Incontro è sempre sinonimo scoperta; in viaggio, più che mai, l’incontro si traduce in scoperta della diversità. Sia che facciamo tanta o poca strada, che decidiamo di attraversare un oceano o di conoscere un angolo poco battuto della nostra città, in qualunque caso stiamo uscendo da noi stessi ed entrando in territorio fatto di scambi tra noi e l’altro: il primo passo è, per forza di cose, valicare un confine.
Marco Aime scrive che, nel viaggio, “il limite del nostro corpo si indebolisce, da confine diventa frontiera e la frontiera è terra di incontro, di scambio.”
Punto di partenza, per creare una relazione significativa con qualcuno durante il viaggio, è quindi l’incontro. “L’incontro con l’altro si trova sempre in uno spazio indefinito, che non appartiene a nessuno, un inframmezzo.”
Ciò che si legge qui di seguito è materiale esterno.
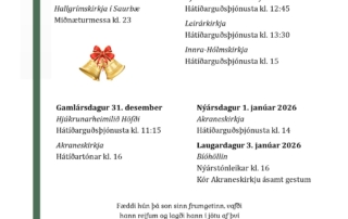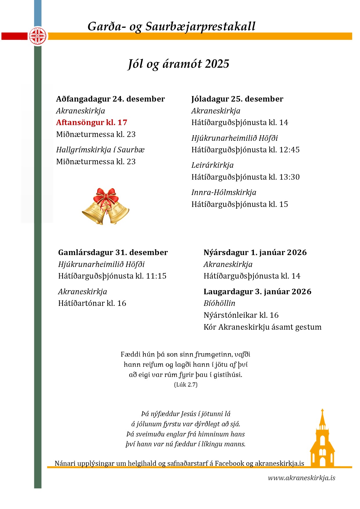 Helgihald um jól og áramót verður með sama sniði og verið hefur undanfarin ár, að því undanskyldu að aftansöngur í Akraneskirkju á aðfangadag verður kl. 17. Aðfangadagur 24. desember Akraneskirkja Aftansöngur kl. 17 Miðnæturmessa kl. 23 Hallgrímskirkja í Saurbæ Miðnæturmessa kl. 23 Jóladagur 25. desember Akraneskirkja Hátíðarguðsþjónusta kl. 14 Hjúkrunarheimilið Höfði Hátíðarguðsþjónusta kl. 12:45 Leirárkirkja Hátíðarguðsþjónusta kl. 13:30 Innra-Hólmskirkja Hátíðarguðsþjónusta kl. 15
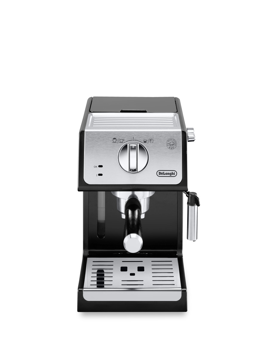 La machine à expresso Delonghi dispose d’une puissance de 1100W, d’un réservoir de 1,1L amovible et d’une pression de pompe de 15 bars.
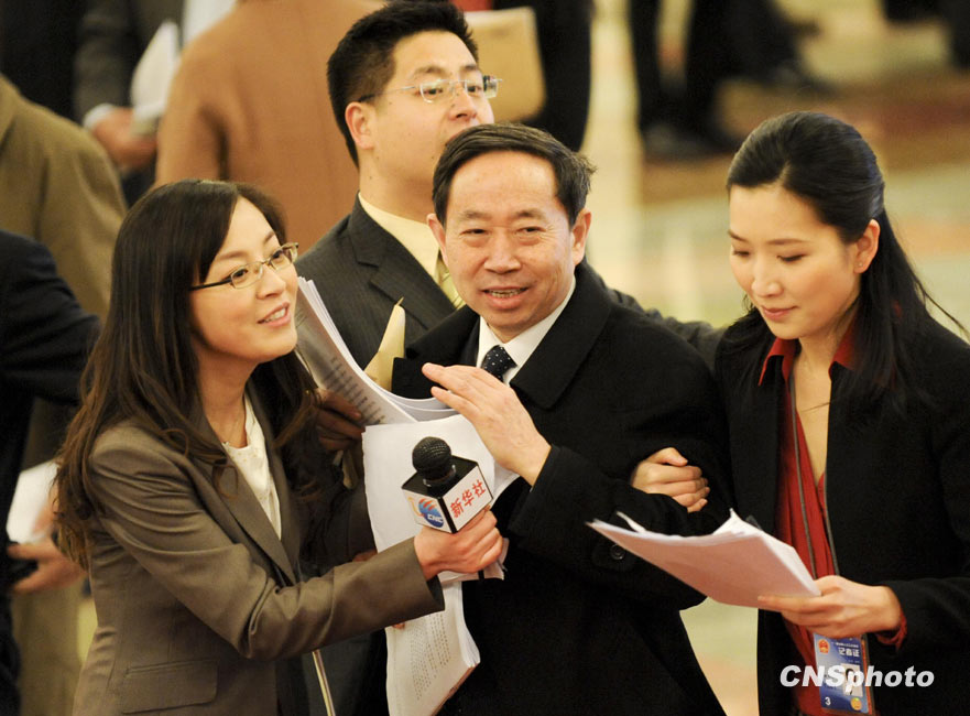 3月5日上午9時,十一屆全國人大三次會議在北京隆重開幕。國務(wù)院總理溫家寶作政府工作報告。圖為教育部長袁貴仁進場時受到記者爭相采訪。中新社發(fā) 廖攀 攝
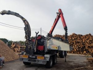 鹿児島県では鰹節の製造に使用する薪の需要が高く、山の現場から直接鰹節工場に薪を出荷するという事で、このような現場で自由に小回りのきく機械を選ばれました。
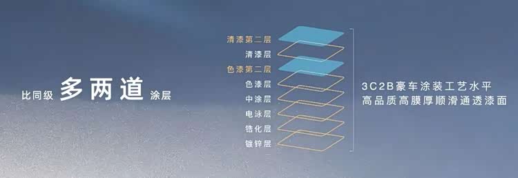 为了让新车更好看、更高级,设计师在车漆工艺上花了很大功夫。埃安i60比同级多了一道色漆层和一道清漆层,达到了豪车级别的“3C2B车漆喷涂工艺”水平,让漆面显得更精致,同时也更耐磨。两道清漆层达到双倍抗氧化、抗紫外线的效果,防腐性能更优异,让车漆经久不褪色。

Prima che sia per noi un punto di riferimento, un ‘compagno’, prima che provochi in noi un cambiamento, l’altro deve accostarsi a noi, e noi a lui, in uno stesso piano fatto di reciprocità.
In qualunque modo intendiamo l’incontro, le persone intorno a noi saranno fondamentali nel nostro processo di consapevolezza per due motivi: il primo è appunto quello di offrirci una prospettiva sul mondo e sulle cose diversa dalla nostra (tutto ciò che per noi è sconosciuto è una risorsa importante e può solo arricchirci); il secondo motivo è perché gli altri sono sempre uno specchio di noi stessi.
Il rispecchiamento è una tecnica molto usata in Gestalt. Con rispecchiamento si intende quell’attitudine di vedere nell’altro elementi e caratteristiche che, in realtà, appartengono a noi stessi. Secondo la Gestalt, consideriamo alcune caratteristiche (siano esse positive o negative) piuttosto che altre poiché le ritroviamo anche dentro di noi; come se fossero scritte in un lingua che conosciamo in mezzo ad un mare di parole incomprensibili. Allenarci a capire che ciò che vediamo nell’altro è anche dentro di noi (è una parte che ci piace o che ci dà particolarmente fastidio) aumenta la consapevolezza su noi stessi.
Quando incontriamo qualcuno, perciò, facciamolo in modo consapevole: chiediamoci chi è? Cosa fa? Cosa significa per noi? Cosa c’è di mio in lui? Perché lo sento simpatico o antipatico “a pelle”? Cosa gli proietto addosso? In questo modo saremo alleggeriti dalle aspettative e genuini nell’incontro.